As newspapers continue to cut back on both resources and on the amount of news in the paper, fewer are able to cut reporters loose for months to work on a single story, making the investigative reporter an endangered part of today’s newsrooms.

“I will frequently work on a story for six months, a year, even two years,” said David Heath, a 2005-06 Nieman Fellow from the Seattle Times. “[But] those types of jobs are really disappearing.”

The event, held at the Barker Center’s Thompson Room, included three 2005-06 and one 2002-03 Nieman Fellows, two who won Pulitzer Prizes for their reporting and two who were finalists for the honor.

“We’re really [taking advantage of the fact] that we have these extraordinary Niemans here,” said Pat Bellanca, director of the Harvard Writing Program, which sponsored the event with the Harvard Summer School. “It seemed an extraordinary opportunity not to be missed.”
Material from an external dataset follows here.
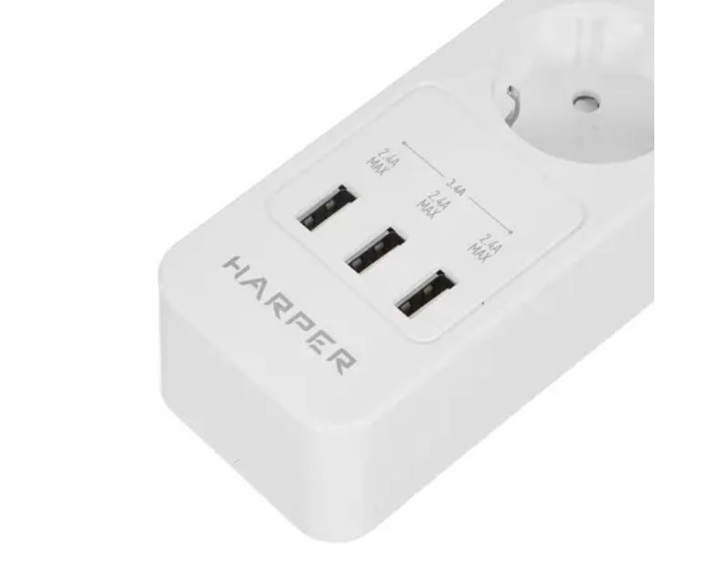 Удлинитель с USB зарядкой HARPER UCH-510 White

The panelists included Kevin Cullen of the Boston Globe, who won the 2003 Pulitzer for public service as part of the team that broke the Catholic Church sex abuse scandal; Heath, who received three Pulitzer nominations and Harvard’s Goldsmith Prize; Cathy Grimes of the Walla Walla Union-Bulletin, who was nominated for the Pulitzer in explanatory reporting and community service reporting; and Brent Walth of the Oregonian in Portland, Ore., who won the 2001 Pulitzer in public service as part of a team that investigated abuses by the Immigration and Naturalization Service.
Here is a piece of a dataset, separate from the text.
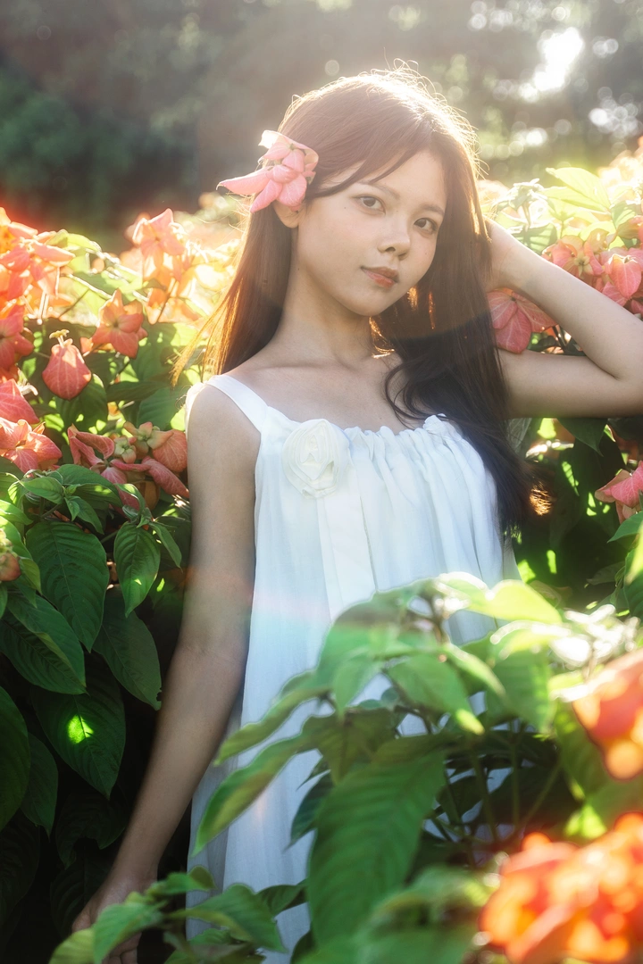 花簇蹭过裙摆,风先扑进臂弯

Heath, Grimes, and Walth are each teaching journalism classes at the Harvard Summer School.

From left to right, Cathy Grimes, Brent Walth, David Heath, and Kevin Cullen spoke about the future of investigative reporting. “We’re really [taking advantage of the fact] that we have these extraordinary Niemans here,” said Pat Bellanca, director of the Harvard Writing Program, which sponsored the event with the Harvard Summer School. “It seemed an extraordinary opportunity not to be missed.” (Staff photo Stephanie Mitchell/Harvard News Office)
Part of the problem is that today’s society values immediacy over the quality of content, Walth said, leading to glib reporting rather than in-depth investigations.

Cullen said that he believes investigative reporters aren’t doing anything different from other reporters, they’re just given the time and resources – two rare commodities in newsrooms – to fully report important stories.
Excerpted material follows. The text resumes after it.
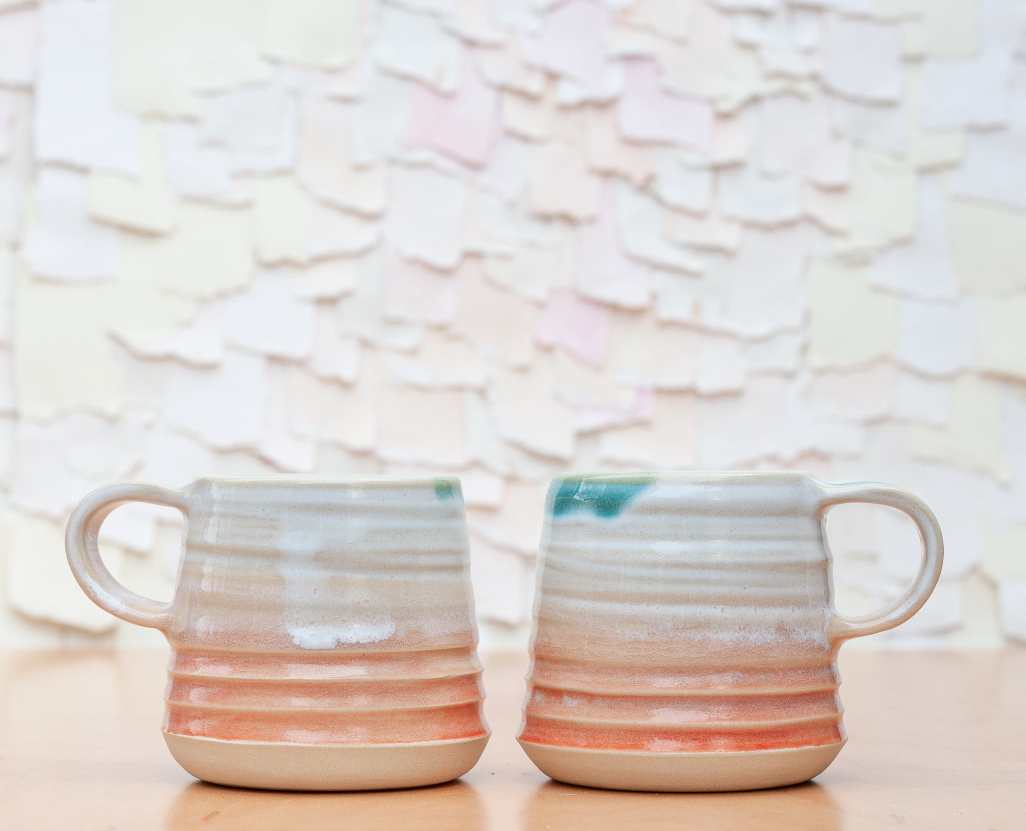 A simple daily mug with a delicate pattern like the rings of Saturn or ripples in the sand. The perfect size for two shots of espresso and some foam or a spot of coffee!

Newspapers’ jobs, he said, are to stand up to the powerful on behalf of the powerless, which is difficult for a reporter to do when resources are thin and he or she is writing several stories a day, running from meeting to meeting to do the basic reporting.

“Investigative reporting is a high and lofty title for people who get the time and resources to get the story,” Cullen said. “I’m one of the luckiest people in American journalism because increasingly that luxury is taken away from us.”

Cullen and Heath both said they believe the newspaper business model is broken, meaning an uncertain future for both the industry and the role it plays as a watchdog on government. The two also agreed that, though television, radio, and Internet news overlap with newspaper journalism, only newspapers regularly do the kind of in-depth reporting that gets behind the increasingly sophisticated spin on government activities. When investigative reporting is gone, so will be an important check on government.

“The only place we see it is in the print media and I don’t know if we’ll see it five or 10 years down the road,” Cullen said, “and that scares the hell out of me.”

While Cullen said the basic skills of an investigative reporter are no different than other reporters, Heath and Grimes said persistence and a willingness to dig for the story are key.

“It’s primarily being absolutely persistent, tenacious, and not giving up on a story until you get it,” Heath said.